Scene di ribellione ed insofferenza nella notte tra il 6 e il 7 gennaio 2026 all’Aeroporto “Del Salento” di Brindisi, dove il dirottamento di due voli WizzAir diretti a Tirana atterrati all’Aeroporto del Salento per le proibitive condizioni meteo sullo scalo di destinazione, hanno suscitato le accese rimostranze dei passeggeri nonostante la presenza degli agenti della Polizia di Stato e delle altre Forze dell’Ordine.
Intorno alle 3 del mattino, circa 400 passeggeri, per lo più di nazionalità albanese, sono stati fatti sbarcare dopo l’atterraggio forzato a Brindisi di due voli provenienti da Bergamo e Bologna. La tensione è salita rapidamente, trasformandosi in una protesta accesa e, nonostante i ripetuti tentativi della Polizia di Frontiera e della Guardia di Finanza di riportare la calma, un gruppo di passeggeri ha superato il cordone di sicurezza posto a protezione dell’area arrivi extra-Schengen, spintonando gli operatori in servizio, danneggiando una porta allarmata e aprendo un varco verso la pista aeroportuale.

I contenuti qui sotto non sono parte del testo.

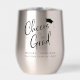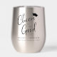 Un tourbillon thermique amusant pour célébrer le diplômé. "Cheers to the Grad" est écrit dans un script moderne avec un grand casquette en haut et vous pouvez personnaliser leur nom, année de classe et école en simple typographie.

In pochi istanti, decine di persone hanno fatto irruzione nell’area Apron, occupando gli stands dove stazionavano i due velivoli. L’intervento degli operatori della Polizia di Stato dell’Ufficio della Polizia di Frontiera, coadiuvati da personale dei Carabinieri e della Guardia di Finanza, ha evitato gravi conseguenze ed eventuali ripercussioni sul traffico aereo e sulla funzionalità dello scalo aeroportuale. I passeggeri sono rientrati tutti in Albania a bordo di un traghetto partito dal porto di Brindisi nella stessa giornata.

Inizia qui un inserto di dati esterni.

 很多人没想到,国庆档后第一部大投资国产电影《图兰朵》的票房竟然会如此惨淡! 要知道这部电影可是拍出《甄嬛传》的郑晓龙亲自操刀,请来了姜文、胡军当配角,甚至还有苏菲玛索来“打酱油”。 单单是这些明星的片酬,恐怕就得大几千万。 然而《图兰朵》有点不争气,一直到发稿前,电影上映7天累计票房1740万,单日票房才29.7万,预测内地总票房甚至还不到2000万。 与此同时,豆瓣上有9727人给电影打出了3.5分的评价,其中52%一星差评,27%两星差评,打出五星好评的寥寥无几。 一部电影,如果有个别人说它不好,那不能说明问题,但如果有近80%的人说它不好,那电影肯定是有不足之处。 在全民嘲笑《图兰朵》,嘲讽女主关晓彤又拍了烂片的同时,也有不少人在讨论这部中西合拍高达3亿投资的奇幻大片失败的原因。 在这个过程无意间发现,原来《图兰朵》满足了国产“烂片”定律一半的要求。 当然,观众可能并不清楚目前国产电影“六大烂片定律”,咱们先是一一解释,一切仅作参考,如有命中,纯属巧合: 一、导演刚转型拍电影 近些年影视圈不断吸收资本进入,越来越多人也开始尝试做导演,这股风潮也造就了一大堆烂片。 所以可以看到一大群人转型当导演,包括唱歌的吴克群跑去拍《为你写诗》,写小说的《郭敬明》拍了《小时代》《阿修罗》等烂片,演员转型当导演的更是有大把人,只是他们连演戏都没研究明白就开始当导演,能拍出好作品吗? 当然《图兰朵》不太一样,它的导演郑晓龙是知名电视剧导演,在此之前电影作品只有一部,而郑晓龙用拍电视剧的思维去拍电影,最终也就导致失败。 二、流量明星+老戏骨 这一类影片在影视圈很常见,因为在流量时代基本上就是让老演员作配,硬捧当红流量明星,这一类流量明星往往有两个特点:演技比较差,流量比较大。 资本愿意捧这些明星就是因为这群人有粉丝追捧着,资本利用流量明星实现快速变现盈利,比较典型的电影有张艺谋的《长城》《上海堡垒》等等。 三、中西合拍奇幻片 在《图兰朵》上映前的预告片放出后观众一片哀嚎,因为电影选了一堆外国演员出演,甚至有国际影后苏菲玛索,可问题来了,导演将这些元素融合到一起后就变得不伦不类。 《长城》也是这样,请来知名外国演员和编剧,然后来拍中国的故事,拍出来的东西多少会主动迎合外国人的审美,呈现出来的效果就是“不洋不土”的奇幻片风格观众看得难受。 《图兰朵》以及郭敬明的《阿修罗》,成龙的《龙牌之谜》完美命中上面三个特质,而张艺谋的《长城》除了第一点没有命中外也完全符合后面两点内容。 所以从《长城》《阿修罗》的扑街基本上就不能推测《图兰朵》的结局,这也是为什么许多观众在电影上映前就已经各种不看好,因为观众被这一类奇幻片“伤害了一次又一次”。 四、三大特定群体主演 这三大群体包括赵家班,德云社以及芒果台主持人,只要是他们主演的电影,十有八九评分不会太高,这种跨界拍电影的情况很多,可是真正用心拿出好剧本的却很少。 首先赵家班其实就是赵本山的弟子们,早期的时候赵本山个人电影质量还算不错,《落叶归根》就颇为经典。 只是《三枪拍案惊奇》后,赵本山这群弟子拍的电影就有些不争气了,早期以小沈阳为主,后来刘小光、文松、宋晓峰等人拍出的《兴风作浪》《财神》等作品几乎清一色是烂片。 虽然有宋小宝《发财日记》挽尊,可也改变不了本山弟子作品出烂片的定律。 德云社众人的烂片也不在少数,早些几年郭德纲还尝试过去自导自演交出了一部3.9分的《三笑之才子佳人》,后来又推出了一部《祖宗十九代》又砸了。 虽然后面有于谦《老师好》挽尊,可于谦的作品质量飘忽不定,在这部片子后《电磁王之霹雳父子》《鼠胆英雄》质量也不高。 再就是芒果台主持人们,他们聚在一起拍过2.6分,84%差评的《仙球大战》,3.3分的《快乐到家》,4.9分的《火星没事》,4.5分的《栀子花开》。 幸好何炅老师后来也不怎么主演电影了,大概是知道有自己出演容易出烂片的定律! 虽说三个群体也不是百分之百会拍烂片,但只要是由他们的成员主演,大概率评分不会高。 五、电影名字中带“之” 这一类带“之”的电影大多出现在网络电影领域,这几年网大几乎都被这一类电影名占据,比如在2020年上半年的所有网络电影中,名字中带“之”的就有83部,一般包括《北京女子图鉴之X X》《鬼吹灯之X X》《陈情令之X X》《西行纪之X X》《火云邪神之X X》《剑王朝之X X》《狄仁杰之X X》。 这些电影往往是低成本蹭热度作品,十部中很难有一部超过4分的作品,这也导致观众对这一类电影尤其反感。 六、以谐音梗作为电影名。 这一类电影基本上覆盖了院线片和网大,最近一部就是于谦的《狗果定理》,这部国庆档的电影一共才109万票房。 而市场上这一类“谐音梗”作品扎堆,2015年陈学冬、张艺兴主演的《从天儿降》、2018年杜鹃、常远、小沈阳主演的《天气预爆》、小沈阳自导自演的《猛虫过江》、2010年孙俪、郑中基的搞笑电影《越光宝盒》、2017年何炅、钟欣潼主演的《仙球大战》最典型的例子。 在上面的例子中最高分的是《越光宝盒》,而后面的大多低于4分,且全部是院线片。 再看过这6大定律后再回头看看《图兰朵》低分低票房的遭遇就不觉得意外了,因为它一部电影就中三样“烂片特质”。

Dalle immagini dei sistemi di video-sorveglianza dell’aeroporto è emerso il ruolo centrale di tre persone, ora indagate in stato di libertà, che si sarebbero distinte per aggressività e capacità di trascinare la folla. Questi, avrebbero intrapreso azioni tali da innescare una protesta degenerata in insofferenza collettiva. I tre indagati devono rispondere, a vario titolo, di turbamento di pubblico servizio, violenza e minaccia a pubblico ufficiale, danneggiamento aggravato di beni pubblici, occupazione arbitraria di edifici pubblici e violazione delle norme di sicurezza aeroportuale.
L’identificazione è avvenuta successivamente, durante i controlli di frontiera al Terminal di Costa Morena, mentre i tre si stavano imbarcando sulla motonave diretta a Valona.